- Task description -
Reproduce, exactly and in full, only the lines below from the one containing "Рассматривая видео от" through the one containing "واعتبارا من الساعة".

- Records -
--------------------------------------------------

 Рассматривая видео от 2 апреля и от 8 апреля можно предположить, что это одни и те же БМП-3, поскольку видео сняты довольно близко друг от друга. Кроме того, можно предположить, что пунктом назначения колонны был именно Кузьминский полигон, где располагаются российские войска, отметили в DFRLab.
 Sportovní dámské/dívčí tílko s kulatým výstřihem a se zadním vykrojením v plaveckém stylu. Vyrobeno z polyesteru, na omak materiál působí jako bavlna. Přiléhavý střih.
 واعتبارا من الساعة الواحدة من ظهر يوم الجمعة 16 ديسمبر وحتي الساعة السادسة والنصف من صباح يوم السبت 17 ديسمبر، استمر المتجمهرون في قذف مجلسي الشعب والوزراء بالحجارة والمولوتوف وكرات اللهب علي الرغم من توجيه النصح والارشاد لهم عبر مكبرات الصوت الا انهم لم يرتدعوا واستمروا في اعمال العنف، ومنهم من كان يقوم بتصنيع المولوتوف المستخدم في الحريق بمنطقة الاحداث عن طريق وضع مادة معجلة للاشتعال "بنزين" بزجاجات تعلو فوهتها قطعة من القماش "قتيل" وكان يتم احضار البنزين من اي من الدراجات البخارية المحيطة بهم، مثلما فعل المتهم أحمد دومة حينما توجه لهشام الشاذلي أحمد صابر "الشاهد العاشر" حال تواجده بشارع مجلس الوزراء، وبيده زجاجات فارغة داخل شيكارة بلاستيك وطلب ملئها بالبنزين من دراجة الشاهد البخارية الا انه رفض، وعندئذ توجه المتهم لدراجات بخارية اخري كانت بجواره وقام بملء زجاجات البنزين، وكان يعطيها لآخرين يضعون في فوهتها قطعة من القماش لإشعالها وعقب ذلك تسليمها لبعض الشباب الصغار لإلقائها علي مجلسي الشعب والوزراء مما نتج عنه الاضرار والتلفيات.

--------------------------------------------------

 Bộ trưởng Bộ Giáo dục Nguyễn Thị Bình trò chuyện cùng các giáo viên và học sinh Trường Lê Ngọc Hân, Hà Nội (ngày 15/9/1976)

--------------------------------------------------

- Answer below -
 Рассматривая видео от 2 апреля и от 8 апреля можно предположить, что это одни и те же БМП-3, поскольку видео сняты довольно близко друг от друга. Кроме того, можно предположить, что пунктом назначения колонны был именно Кузьминский полигон, где располагаются российские войска, отметили в DFRLab.
 Sportovní dámské/dívčí tílko s kulatým výstřihem a se zadním vykrojením v plaveckém stylu. Vyrobeno z polyesteru, na omak materiál působí jako bavlna. Přiléhavý střih.
 واعتبارا من الساعة الواحدة من ظهر يوم الجمعة 16 ديسمبر وحتي الساعة السادسة والنصف من صباح يوم السبت 17 ديسمبر، استمر المتجمهرون في قذف مجلسي الشعب والوزراء بالحجارة والمولوتوف وكرات اللهب علي الرغم من توجيه النصح والارشاد لهم عبر مكبرات الصوت الا انهم لم يرتدعوا واستمروا في اعمال العنف، ومنهم من كان يقوم بتصنيع المولوتوف المستخدم في الحريق بمنطقة الاحداث عن طريق وضع مادة معجلة للاشتعال "بنزين" بزجاجات تعلو فوهتها قطعة من القماش "قتيل" وكان يتم احضار البنزين من اي من الدراجات البخارية المحيطة بهم، مثلما فعل المتهم أحمد دومة حينما توجه لهشام الشاذلي أحمد صابر "الشاهد العاشر" حال تواجده بشارع مجلس الوزراء، وبيده زجاجات فارغة داخل شيكارة بلاستيك وطلب ملئها بالبنزين من دراجة الشاهد البخارية الا انه رفض، وعندئذ توجه المتهم لدراجات بخارية اخري كانت بجواره وقام بملء زجاجات البنزين، وكان يعطيها لآخرين يضعون في فوهتها قطعة من القماش لإشعالها وعقب ذلك تسليمها لبعض الشباب الصغار لإلقائها علي مجلسي الشعب والوزراء مما نتج عنه الاضرار والتلفيات.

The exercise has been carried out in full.